Estamos aquí ante una figura con ojos heterotópicos, es decir, múltiples ojos situados en diversas partes que no son las que naturalmente corresponden. Chevalier y Gheerbrant entienden esta condición como infrahumana, y acuden al recuerdo del pastor Argos: los muchos ojos del mítico guardián de la vaca Io –ojos que nunca se cierran todos al mismo tiempo– significan una vigilancia volcada enteramente al mundo exterior, que así absorbe al hombre[13] imposibilitándole el recogimiento interior –hecho de una intimidad de silencio y de reflexión– en el que puedan darse la visión y la comprensión intelectuales. El Pastor Argos mira sin ver porque ve sólo una realidad aparente, las cosas exteriores en las que queda atrapado, y de allí su confusión y su falta de interioridad; en tanto que el que ve a Dios y a toda la creación  como manifestación de la Divinidad, descubre la Verdad de la magnificencia de su Creador, tanto como la suya propia de pequeñez y de pecado. En este sentido –el del conocimiento reverente de la Verdad– tenemos en Ez. 1, 18 y 10, 12 los querubines, seres tetramorfos (hombre, toro, león y águila) dotados de cuatro alas y sobre ruedas llenas de ojos; en Apoc. 4, 6-9 encontramos a los cuatro vivientes (figuras semejantes al león, al toro, al hombre y al águila) también llenos de ojos. En ambos casos se trata de seres próximos a la gloria de Dios, a Quien tributan alabanza en el conocimiento y contemplación de Su belleza. Es decir que la imagen llena de ojos por todos lados es una imagen que habla de sabiduría, de visión gozosa. Como lo dice el Sal. 110, 10: “El temor de Dios es el inicio de la sabiduría, todos los que lo experimentan tienen un conocimiento verdadero”.

Recordemos por otra parte un texto evangélico muy significativo sobre este tema: “La lámpara de tu cuerpo es tu Scivias 3, 8ojo. Si tu ojo es puro todo tu cuerpo será luminoso; pero si tu ojo es turbio, todo tu cuerpo será oscuro. Por consiguiente, si la luz que hay en ti es oscuridad, ¡cuán grande será la oscuridad misma!” (Mat. 6, 22-23).

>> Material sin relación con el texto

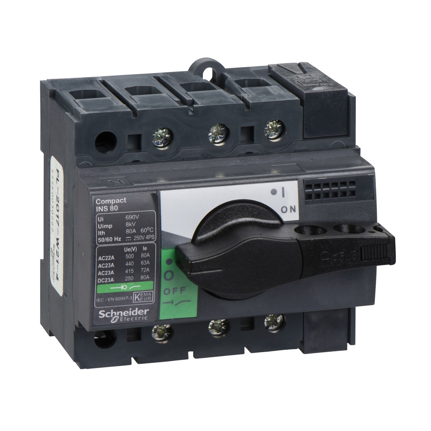 Compact INS Lasttrennschalter. Lasttrennschalter INS250, 250A/690V AC / 250V DC, Drehantrieb schwarz. Nennstrom 250 A, Polzahl 3. Komplettgeräte mit schwarzem Schalthebel. Trennereigenschaften nach VDE 0660 Teil 100. Drehantrieb frontal oder seitlich bis INS250.
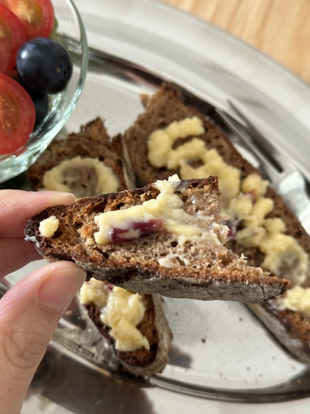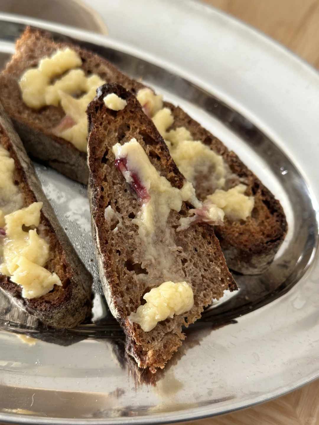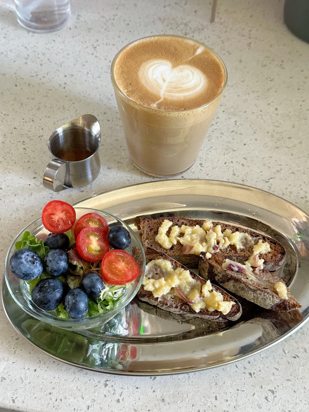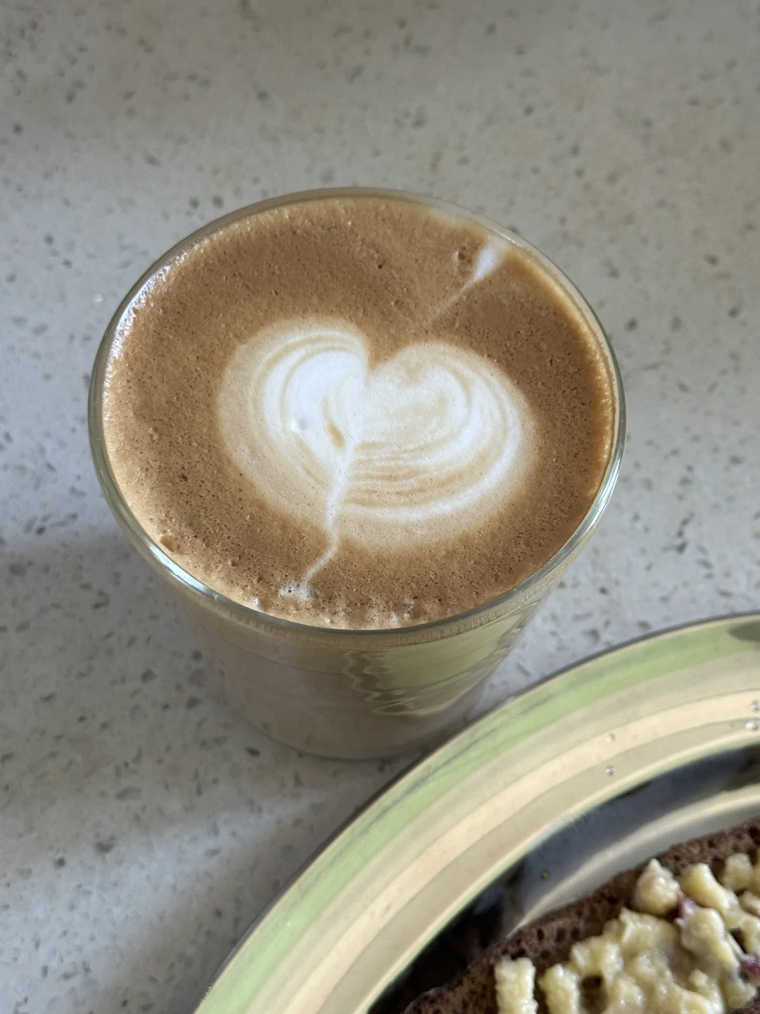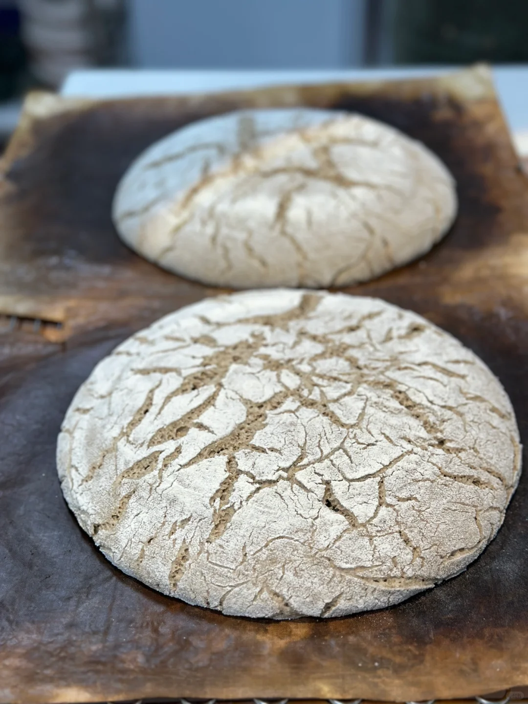 6天学习面包都带走、除了寄给朋友、自己也存了一些、大饼子纯黑麦硬欧回到家才尝、配奶酪很惊艳、酸味明显、复烤后外壳酥脆里面湿软!是喜欢的口感! 早餐 纯黑麦欧包+玫瑰花🌹酱奶酪格外的搭配 咖啡拉花继续努力中 最近天气太好!🐱睡得太香了

Si bien los ojos en la cabeza señalan la iluminación racional, de la inteligencia, los ojos en todo el cuerpo indicarían la iluminación de la totalidad y plenitud de la persona y el obrar conforme a la voluntad del Señor. Porque el cuerpo, la persona translúcida, no sólo recibe la Luz que la ilumina sino que es luz para los demás: “Señor, que quien me mire, a Ti te vea”; entonces el ser “todo ojos” es el hombre transfigurado, vuelto a su Dios y Señor, que puede decir con el apóstol Pablo: “Pero ya no vivo yo, sino que Cristo vive en mí: porque aunque ahora estoy viviendo en la carne, vivo en la fe en el Hijo de Dios, Quien me amó y Se entregó por mí.” (Gál. 2, 20)

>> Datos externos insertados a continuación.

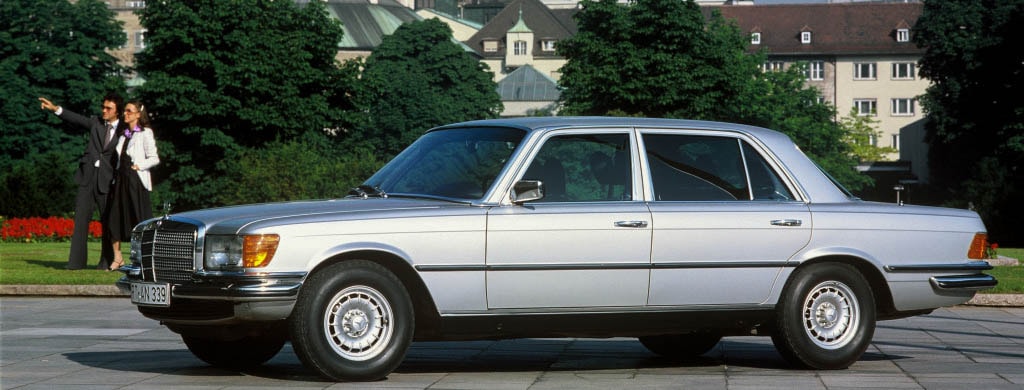 Barocco e modernismo. Impugnando le maniglie in metallo cromato si ha un’idea della consistenza "teutonica" di quest’auto. All’interno le ampie poltrone con i raffinati rivestimenti in velluto sono corredate da poggiatesta concavi (tutto di serie nel caso della 6.9) tipicamente anni ’70, un elemento fortemente distintivo dei modelli Mercedes di fascia più alta in quel periodo. La W116 alterna sapientemente barocchismi, come cromature ed elementi in rilievo non integrati nella carrozzeria, e avanguardia: sia nella tecnica, per quanto concerne la sicurezza, che nello studio del layout interno. All’opulenza delle finiture nell’abitacolo, si contrappone la semplicità e la linearità della console centrale, dominata dai due comandi circolari sovrapposti e le levette per la climatizzazione.
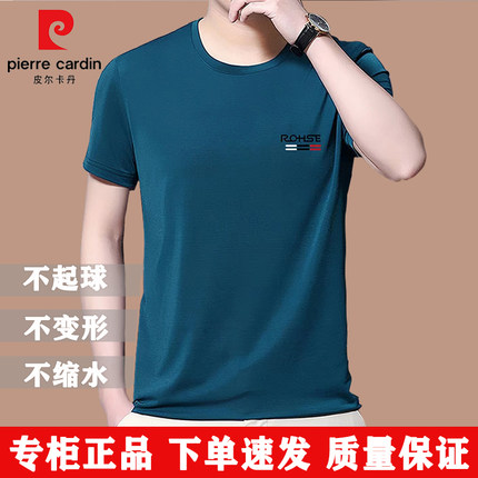 皮尔卡丹中年男士短袖t恤夏季薄款圆领宽松速干冰丝半袖体恤上衣.
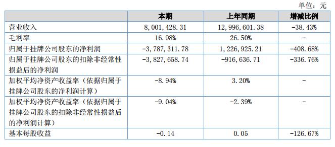 報告期內(nèi)公司主營業(yè)務(wù)收入合計(jì)800.14萬元,相比去年同期-38.43%;報告期內(nèi)實(shí)現(xiàn)凈利潤-378.73萬元,相比去年同期-408.68%,?

Por eso en El drama de las Virtudes (Ordo Virtutum), Temor de Dios les dice: “Yo, el Temor de Dios, os preparo, hijas felicísimas, para que fijéis la mirada en el Dios vivo y no perezcáis”, y ellas le responden: “Oh Temor, tú nos eres sumamente útil, pues nosotras tenemos como cuidado nuestro diligentísimo jamás separarnos de ti”[14]. Ser todo  ojos significa la total “vigilancia” (virtud muy benedictina, como veremos casi de inmediato), ese buscar más allá, buscar con sabio discernimiento al mismo Dios. Encontramos aquí apuntadas las dos notas asociadas al Temor de Dios: la preparación ya como el inicio de la sabiduría (que no otra cosa es la contemplación de Dios), preparación que ha de ser en la humildad significada por el ropaje oscuro (porque la soberbia es caída y muerte delante de Dios, como aconteció a Lucifer), y su presencia como insoslayable y necesaria para el amor que hace, de la contemplación, sabiduría.

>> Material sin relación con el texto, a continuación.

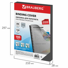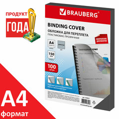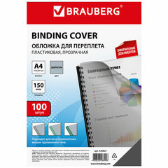 Обложки пластиковые для переплета, А4, КОМПЛЕКТ 100 шт., 150 мкм, прозрачно-дымчатые, BRAUBERG, 530827
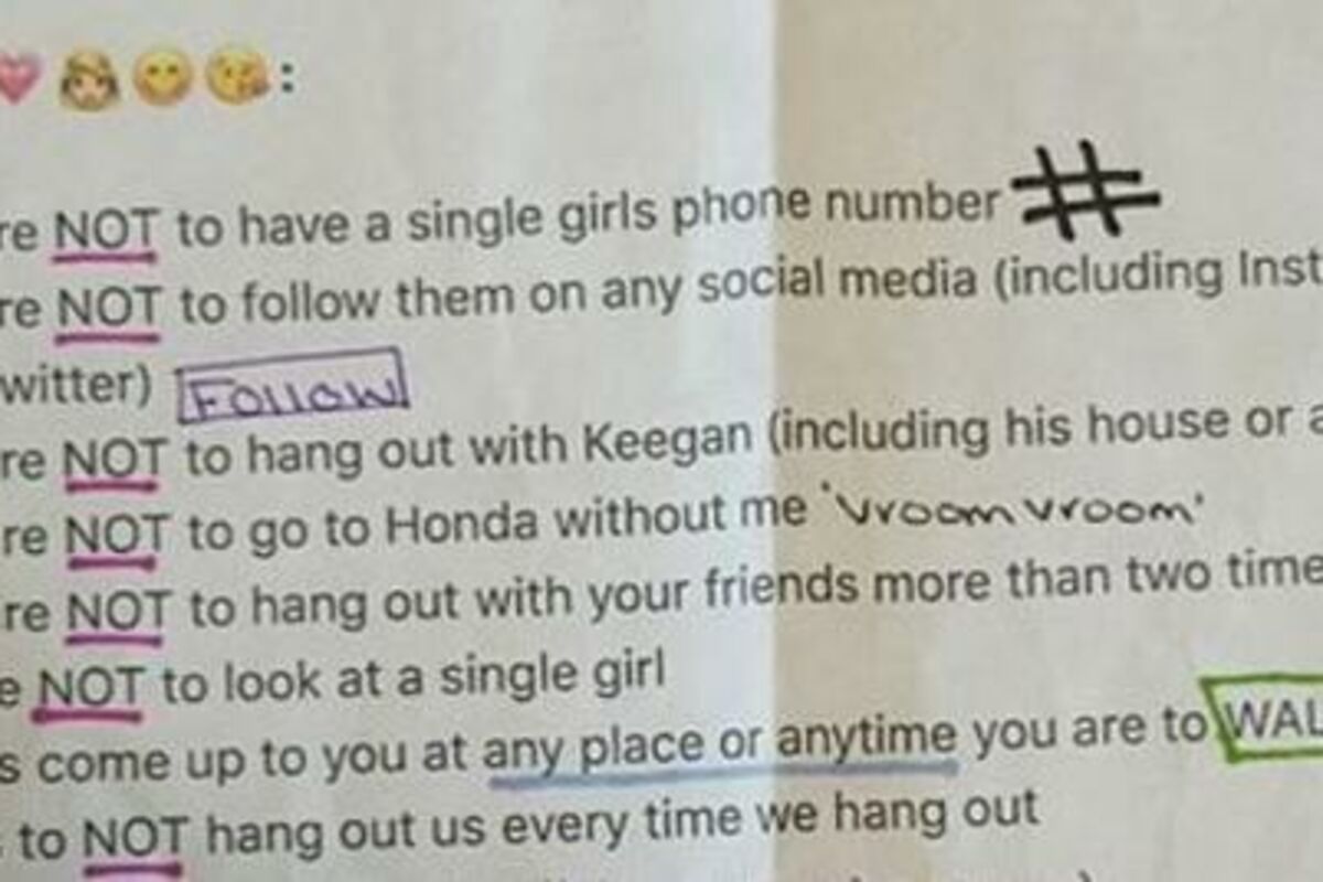 Devojka je tako dečku zabranila da u telefonu ima brojeve slobodnih devojaka ili da ih prati na društvenim mrežama. Mladiću je tako ograničila druženje s prijateljima na dva puta nedeljno kao i konzumiranje alkohola kada nije s njom.
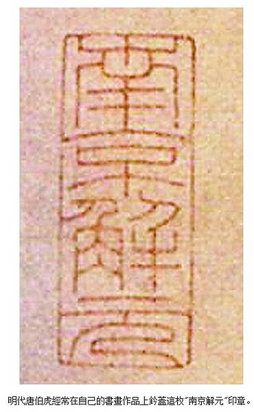 明代唐伯虎經常在自己的書畫作品上鈐蓋這枚"南京解元"印章。
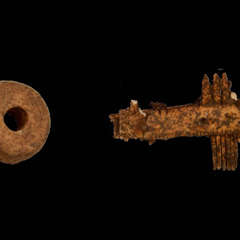 Tra i pochi elementi di corredo sono stati individuati pettini in osso, fusi circolari da telaio, un orecchino in rame, assieme a occasionali frammenti di ceramica a impasto grezzo.
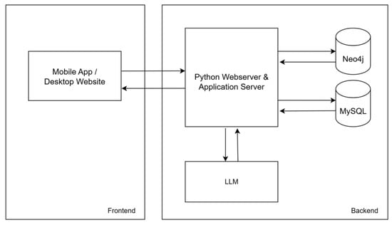 DietQA is implemented as a Client–Server architecture composed of modular components as shown in Figure 2. The design separates the backend—which handles natural language processing, KG querying, and LLM-based answer generation—from the frontend—which provides the user-facing application interface.
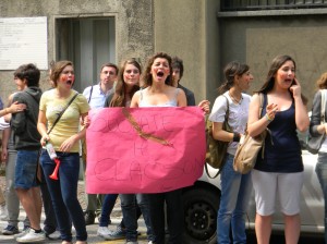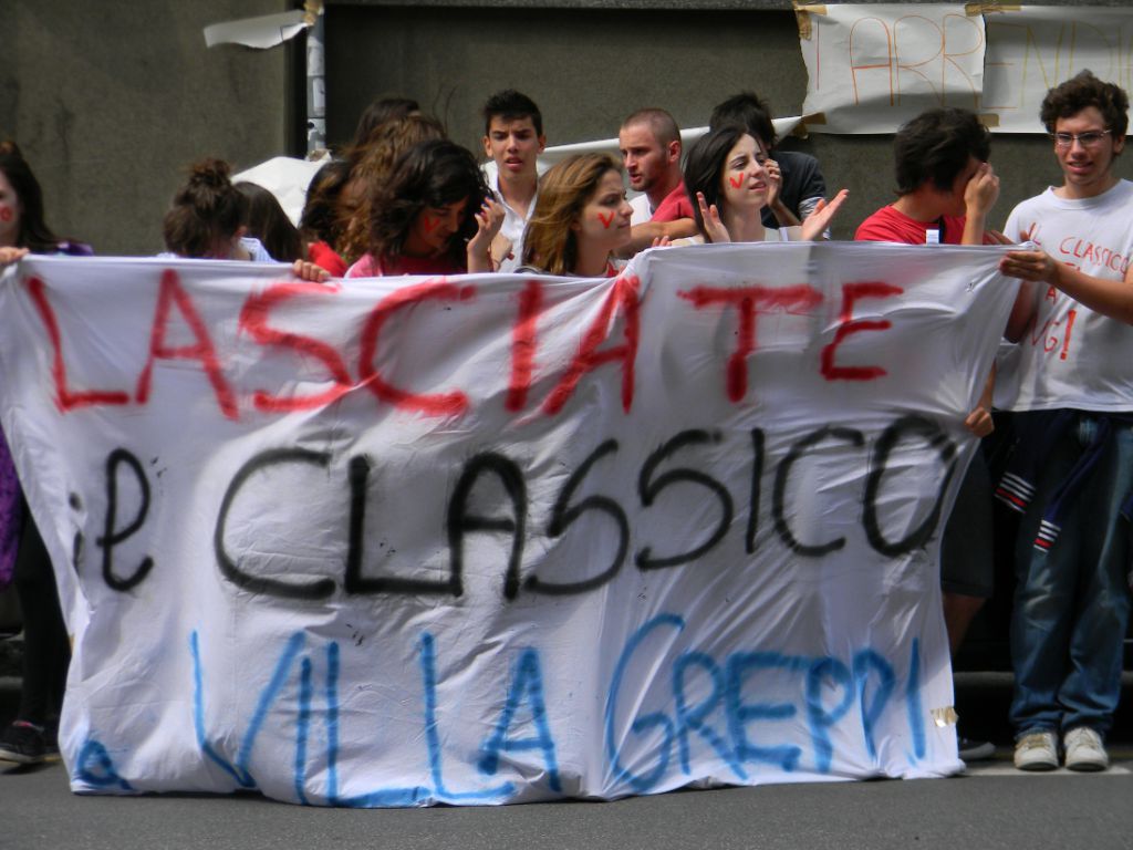 Al grido di “noi restiamo a Villa Greppi” ed “Esci fuori provveditore” gli studenti del Liceo Classico dell’Istituto di Monticello Brianza questa mattina hanno protestato sotto le finestre del provveditorato di Lecco in via Marco d’Oggiono per i tagli previsti che determineranno l’eliminazione del liceo.

En cuanto a la figura de Temor de Dios, dice la abadesa de Bingen que no parecía humana: porque en su humildad, el Temor de Dios se ha vaciado de toda consideración humana que por cualquier forma de soberbia debilidad –mortal intento, dice Hildegarda, porque conduce a la muerte y no a la vida– quisiera ignorar la justicia divina: sus ojos sólo tienen una mirada, nuevamente decimos: agudísima y penetrante, indeficiente, para el Reino de Dios y Su justicia. Ésa es también su fuerza, que triunfa sobre la negligente lasitud del hombre.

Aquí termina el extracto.